Karı-koca çamuru sanat eserine dönüştürüyor
BURSA’NIN İZNİK İLÇESİNDEKİ YAŞAYAN HASAN YAMAN YILLARDIR ELLERİ İLE TOPRAĞA HAYAT VERİYOR. BABA MESLEĞİ OLAN ÇÖMLEKÇİLİĞİ ZORLU HAYAT ŞARTLARINA RAĞMEN DEVAM ETTİRMEK İÇİN EŞİ İLE BİRLİKTE ÇALIŞMAYA DEVAM EDİYOR.
Bursa’nın İznik ilçesinde yaşayan çift, yıllardır elleri ile toprağa şekil veriyor.
Yıllar önce evlerin ve iş yerlerin vazgeçilmez ihtiyacı olan toprak çanak ve çömlek gibi ürünlerin teknolojiye yenik düşüp rağbet görmemesi bu sektörde bir çok kişiyi işsiz bıraktı. Hasan Yaman, babasından aldığı bu mesleği, eşi ile birlikte yürütmenin yollarını bulmuş durumda.
İznik’e Bağlı Çakırca köyünde kendi kurduğu atölyesinde klasik tarzda çanak ve çömlek imal eden ve firmalara özel ürünler de üreten Hasan Yaman, “Çömlekçilikte adet, sayı ve çeşit sınırı yoktur. Toprak ve seramik sonsuz bir malzemedir. Önemli olan hayal edebilmektir. Hayalleriniz sizi binlerce çeşide götürür” sözleri ile bu meslekte ayakta kalabilmek için yetenek yanında hayal gücüne de ihtiyaç olduğunu vurguluyor.
Mesleğini yürütebilmek için klasik çömlek tarzı el üretimi yanında çeşitli hediyelik eşyalar, şişeler, dış mekan ve iç mekan dekoratif malzemeleri imal eden Hasan Yaman, “Ayakta kalmak için her türlü ürün üretiyoruz. Tuğla istiyorlar, tuğla yapıyoruz. Selçuklu dönemi sırlı tuğla gibi malzeme de ürettik. Kullandığımız hammaddeyi bu bölgenin toprağından kendimiz hazırlıyoruz. Çamurun hazırlanması, tavlanması, yoğurulması, makineden geçirilip işleme alınması başlı başına ayrı bir süreç. Tornada ürün hazırlamak bizim işimizin en kolay tarafı. Öncesi ve sonrasındaki kurutma, fırınlama, sırlama, boyama gibi işler bizim işimizin yüzde 99’nu teşkil ediyor. Çömlekçilik denildiğinde herkes tornadaki işi görüyor, ama işimiz sadece o değil. O işimizin sadece görünen yanı” diye konuştu.

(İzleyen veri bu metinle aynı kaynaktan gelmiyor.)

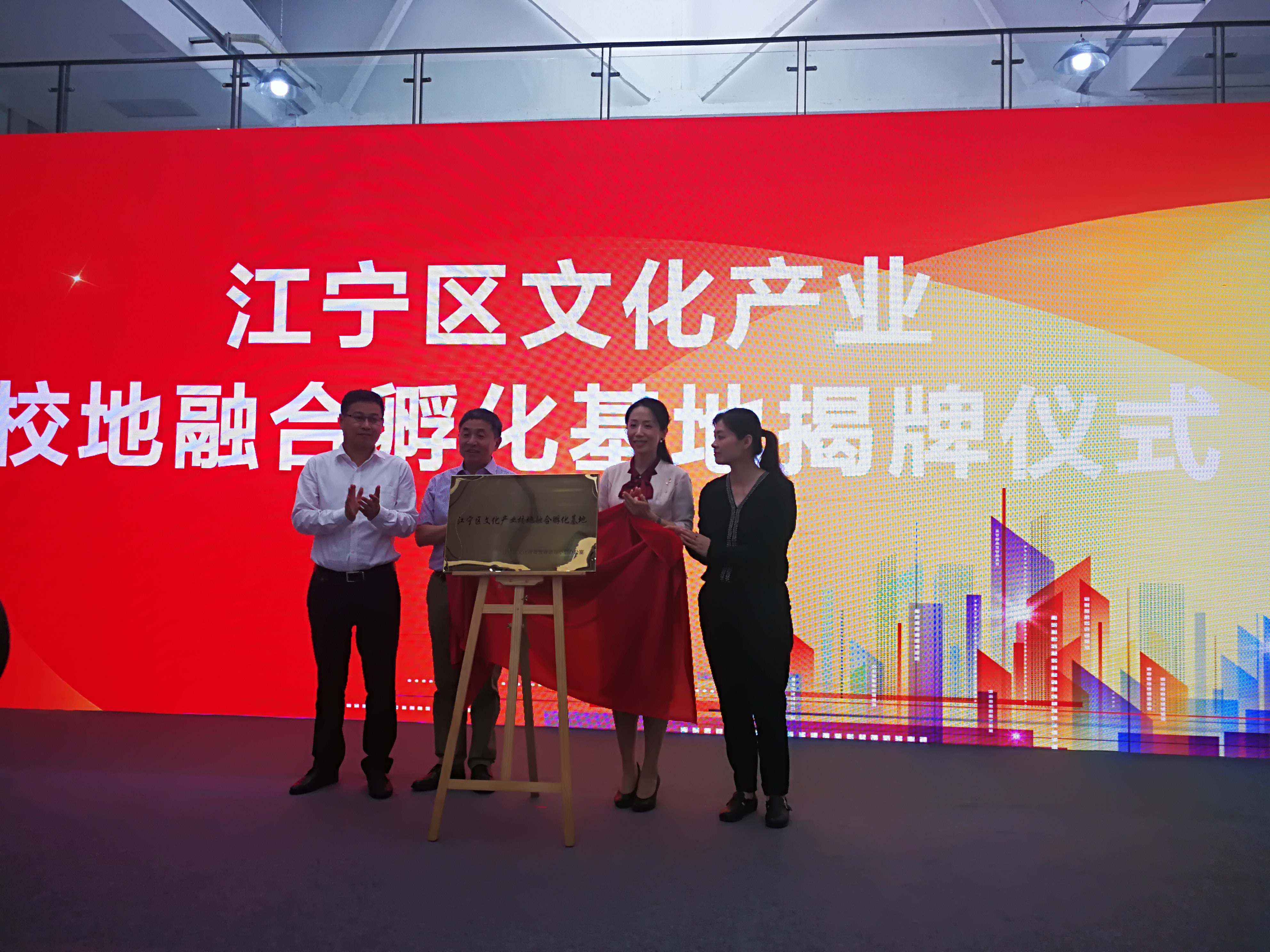 2018年5月18日下午,由江苏省文化产业学会和中共南京市江宁区委宣传部联合主办的江苏省文化产业学会创汇江宁融合发展主题峰会在江广创艺工场多功能厅召开。此前,bevictor伟德国际就多次与江宁区委宣传部联系与沟通,围绕加快文化创意设计人才培养、文创项目集聚、文创产业创业等方面的合作展开深度交流,并主动对接构建文化产业校地融合孵化基地的新模式。在峰会上,江宁区政府副区长董涵、东南大学bevictor伟德国际经理王廷信、bevictor伟德国际经理张捷、中国传媒大学南广学院副董事长王宇甜为江宁区文化产业校地融合孵化基地共同揭牌。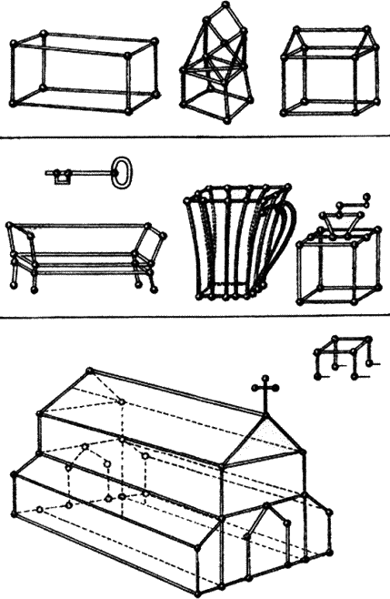 Горох для этих работ нужно мочить в холодной воде в продолжении 5–6 часов, затем его следует вынуть и положить на тряпочку или пропускную бумагу, чтобы он несколько обсох, иначе кожица горошин будет лопаться, когда начнут в них втыкать палочки. Кроме того, оба конца палочки дети должны несколько обстругать, чтобы они легче входили в горох…

Eşi ile ailece sürdürdüğü baba mesleği çömlekçiliğe son günlerde talep olduğunu ifade eden Hasan Yaman, ”Bundan birkaç yıl öncesine kadar bizim işlerimize rağbet yoktu. Bizlerin ürettiği sırlı kap, kacak, vazo gibi ürünler yurt dışından bilhassa Çin’den çok daha ucuza geliyordu. Yerli üreticiler uzun müddet görmezden gelindi. Hatta bu gibi meslekler ölmek üzere idi. Ürün çeşitlerimizi değiştirdik, ayakta kalmaya çalıştık. Bu durum yıl içinde yaşanan döviz hareketliliğinden sonra değişti. Bizler şu an bu durumdan gayet memnunuz. Devlet büyüklerimizin ithalata kotalar koyması, engelleyici tedbirler alması bizim gibi sanatkarlara rağbeti artırdı. Yerli ve milli üretim yapan bir çok sektör ithalat dolayısı ile çok büyük darbeler aldı. Şükür ki bugün bu sıkıntıları aştık” dedi.